8. An apparatus for filling cups, the apparatus comprising:

conveyor means for displacing the cups in a horizontal transport direction stepwise along a horizontal transport path;

at least two dosing units spaced in the transport direction from each other above the path and each including

a supply of a fluent material, and

valve and pump means for ejecting doses of the material; and

a lifter ring below the path, underneath the body, and displaceable between a lower position clear of the cups and an upper position raising a one of the cups into engagement with the body, the lifter ring being shaped complementary to the cup.

9. The cup-filling apparatus defined in claim 8 wherein the lifter ring has a centrally raised floor.

10. The cup-filling apparatus defined in claim 8 wherein the ring is formed with an inwardly projecting annular bead.

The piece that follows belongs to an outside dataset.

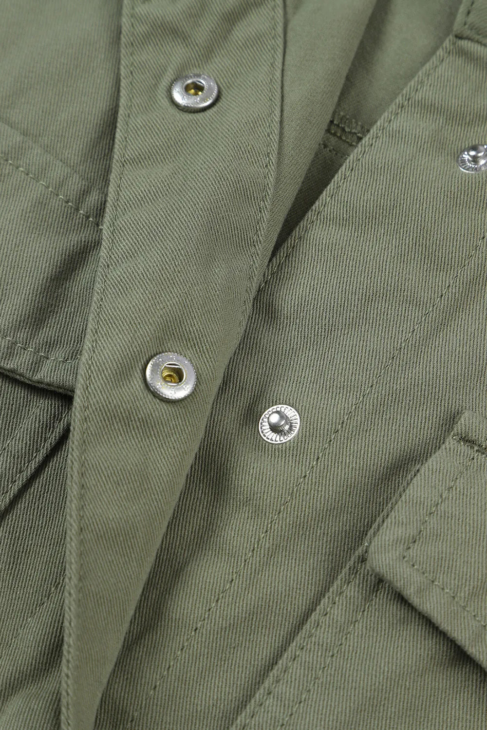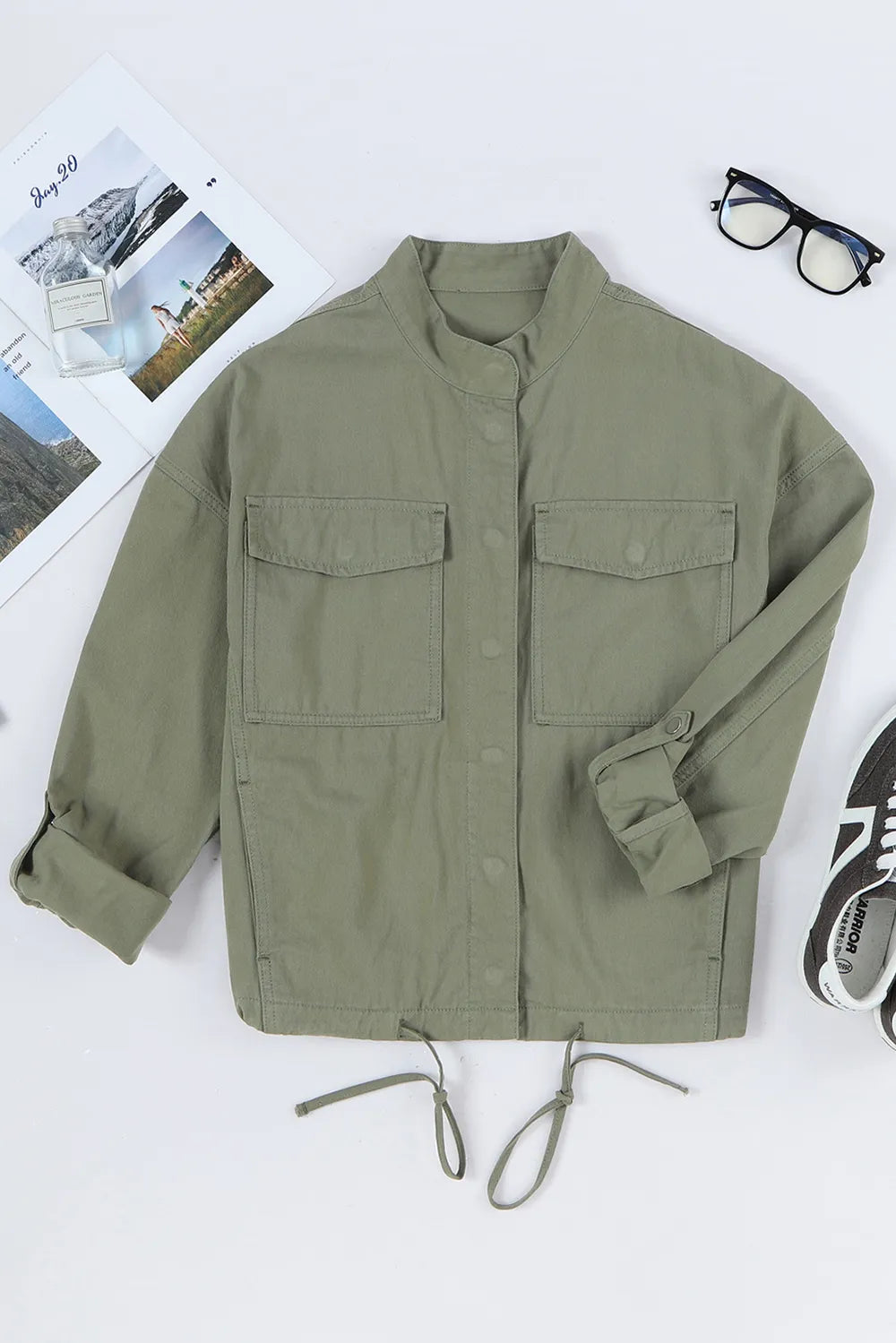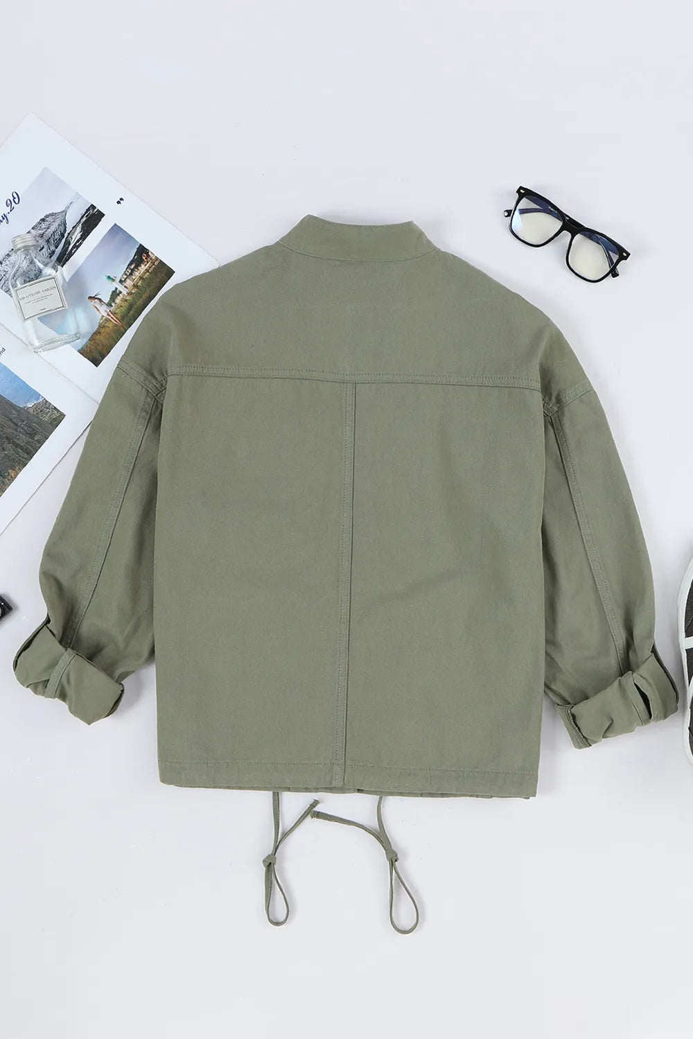 Drawstring Snap Down Dropped Shoulder Denim Jacket

11. The cup-filling apparatus defined in claim 8 wherein the ring has a frustoconical upwardly flared upper portion forming a very small angle with the cup.

12. The cup-filling apparatus defined in claim 8, further comprising

means for rotating the lifter ring and the cup held thereby as the material issues from the body.

13. A method of filling cups, the method comprising the steps of:

positioning each of the cups in a respective seat in a conveyor plate;

conveying the plates with the cups in a horizontal transport direction stepwise along a horizontal transport path underneath a dosing unit and above a holder;

raising the holder each time a cup arrives below the dosing unit while engaging the holder around the cup to lift the cup and press it upward against the dosing unit and force it downward into the holder;

when a cup has been raised up against the dosing unit, ejecting a dose of a fluent material downward from the dosing unit into the raised cup; and

after ejection of the dose into the cup, lowering the holder below the transport plate and thereby stripping the cup from the holder and leaving the lowered cup in the seat of the transport plate.

14. The cup-filling method defined in claim 13 wherein the cup has a resiliently deformable wall, the holder being engaged with the wall.

15. The cup-filling method defined in claim 13, further comprising the step of

rotating the holder and the cup held thereby during ejection of the material into the cup.